The rumors that one of Nicholas II's daughters survived the Russian imperial family's savage murder led to a slew of claimants to the Russian throne. The most famous was Anna Anderson (1896-1984), whose legal battle for recognition as the youngest daughter, Anastasia, spawned the longest-running German court case of the 20th century, as well as books, a Broadway play and a memorable film with Ingrid Bergman playing Anna. A decade after her death, DNA tests proved that Anderson was not Anastasia but a Polish peasant; an aspiring actress, she had been in and out of German mental sanitariums until, after a 1920 suicide attempt, her claim to be Anastasia brought her to the world's attention. Anderson's bizarre clutch of supporters, comically but sympathetically portrayed by Welch, included social-climbing White Russians and an eccentric American millionaire who married Anderson when she was 72 (he was 23 years her junior). Chief among her true believers were Gleb Botkin, whose father, the Romanov physician, had been murdered alongside the czar. Anderson's denouncers included the czar's sister Xenia and Prince Felix Yussoupov, Rasputin's murderer. Welch (The Romanovs and Mr. Gibbes) has researched a complex and compelling history, a testament to the power of self-delusion and the desperate human need to believe in something bigger than ourselves. 54 illus. (Sept.)

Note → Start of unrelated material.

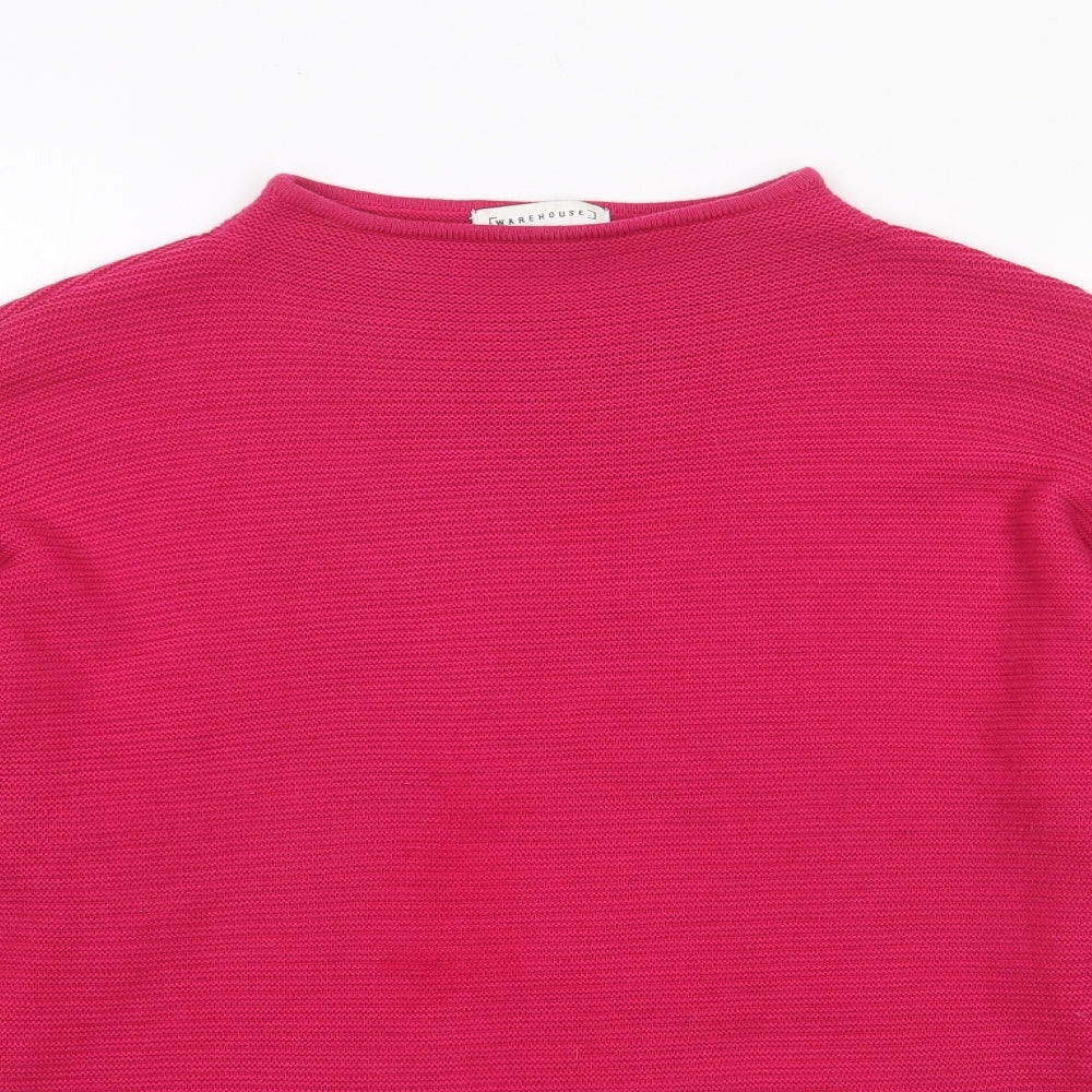 Womens Pink Mock Neck Acrylic Pullover Jumper Size 16 - Ribbed
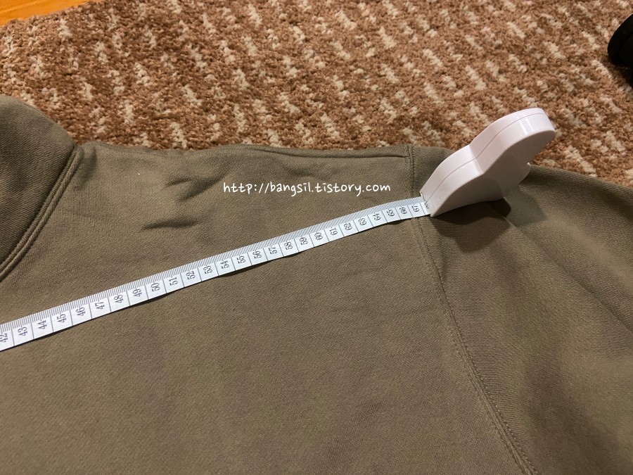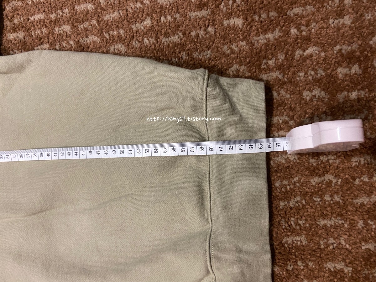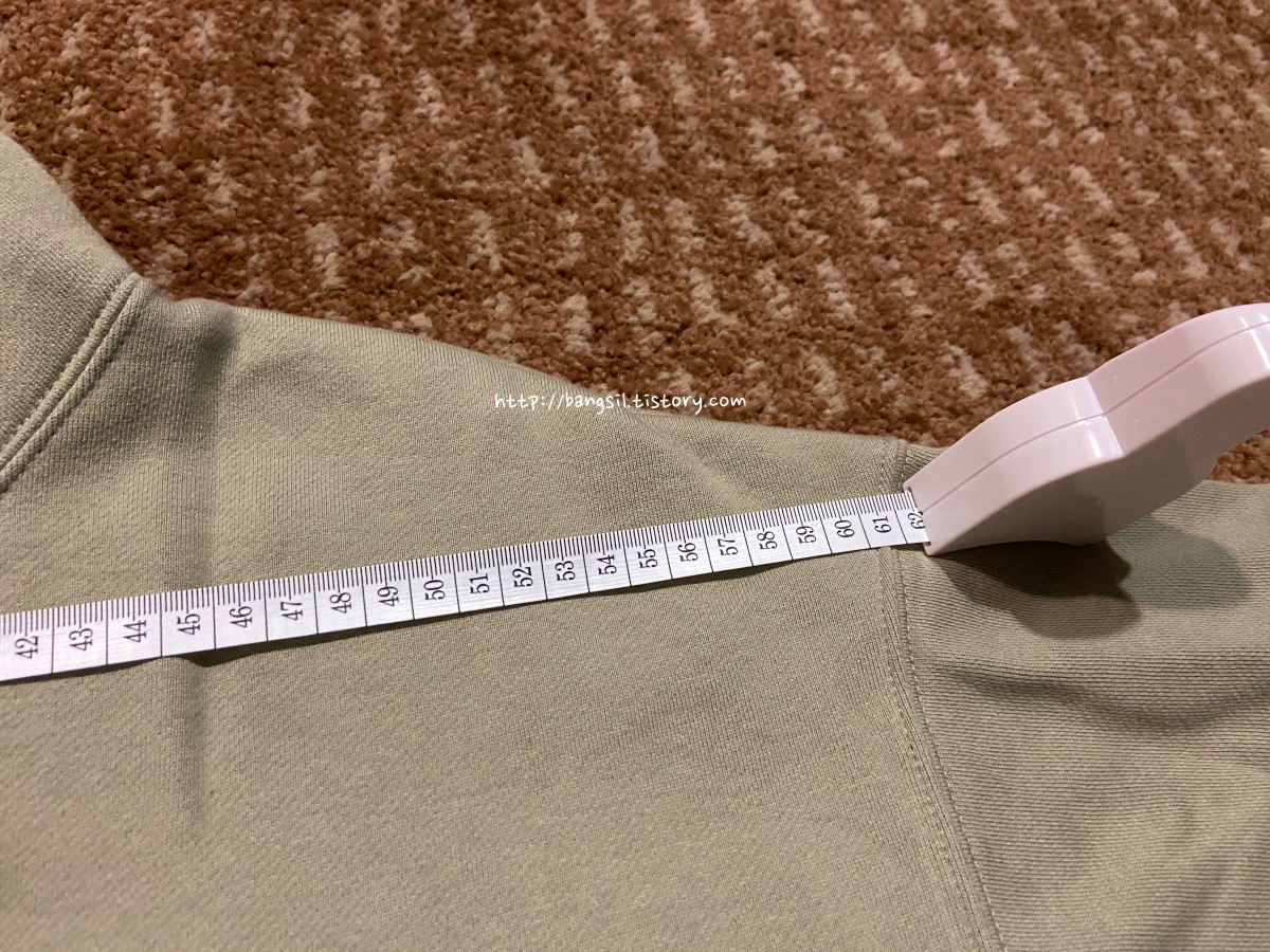 근데 의외로 팔길이는 그렇게 차이가 나지 않았어요. 이 정도 차이입니다. 그리고 통도 그렇게 차이가 크지 않아요. 그래서 저는 어깨랑 기장은 얼추 맞는데 팔의 통이 좀 크다고 느껴졌던 것 같아요.

Copyright 2007 Reed Business Information
Library Journal

Welch (The Romanovs and Mr. Gibbes) writes compellingly about Anna Anderson, the woman who claimed to be the surviving Grand Duchess Anastasia, youngest daughter of Czar Nicholas, who was murdered with his family in 1918. That someone may have survived this massacre has provoked many claimants throughout the years, giving credence to the decision to call this book "a Romanov fantasy." The author takes readers through the appearance of Anna Anderson in Berlin in 1920 and the gathering of a swarm of supporters-including some of Anastasia's childhood friends, who risked everything to prove that Anderson was truly the Grand Duchess Anastasia. The book is filled with photographs, anecdotes, stories, and innumerable sources (including contact with supporters of Anderson) that reflect the belief that she was the youngest daughter of the czar. Whether or not readers believe this, Welch offers engrossing insights, leaving the DNA-derived answer to the final chapter. (Many readers may remember the culminating news story in any case.) Recommended for public libraries interested in Russian history or good nonfiction historical mysteries.
—Mary C. Allen

Kirkus Reviews
A scrupulously mined account of the woman who claimed to be the Grand Duchess Anastasia. Extensive research and interviews conducted by Welch (The Romanovs and Mr. Gibbes: The Story of the Englishman Who Taught the Children of Last Tsar, 2005, etc.) give historical heft to this fascinating story of a delusional factory worker who spent 60 years posing as royalty. On the evening of July 17, 1918, Tsar Nicholas II, his wife Alexandra and their five children, including 17-year-old Anastasia, were led into the basement of the Bolsheviks' "House of Special Purpose" and shot. The soldiers were drunk, jewels sewn into the victims' bodices caused bullets to ricochet, the scene was chaotic; nonetheless, according to eyewitness testimony, there were no imperial survivors. In the 1920s, a woman who went by the names Anna Anderson and Anna Tschaikovsky stepped forward, alleging to be Anastasia Nikolaievna. She offered no evidence and a spotty tale of escape, refusing to describe the night of her supposed assassination because it was too traumatic to discuss. Anderson was, in fact, unable even to speak Russian. Nonetheless, strangers and childhood friends received her with mixed reactions ranging from denial to conviction that she was the long-lost duchess. The most fascinating aspect of the book centers around her followers, the self-described "Anastasians," and the lengths to which they extended themselves on her behalf. Of particular note is Gleb Botkin, son of the tsar's physician, who was acquainted with Anastasia when they were children and subsequently devoted much of his life to advocating Anderson's claim by writing fictionalized tomes inspired by her story. Ten years after Anderson's deathin 1984, DNA testing conclusively proved that she was not Anastasia, but Franziska Schanzkowska, a Polish peasant. Clues throughout the book ensure that Anderson's unveiling doesn't come as a surprise. The real question here is not her true identity, but what motivated her lies in the first place, a mystery about which Welch can only speculate. Engaging examination of a false identity.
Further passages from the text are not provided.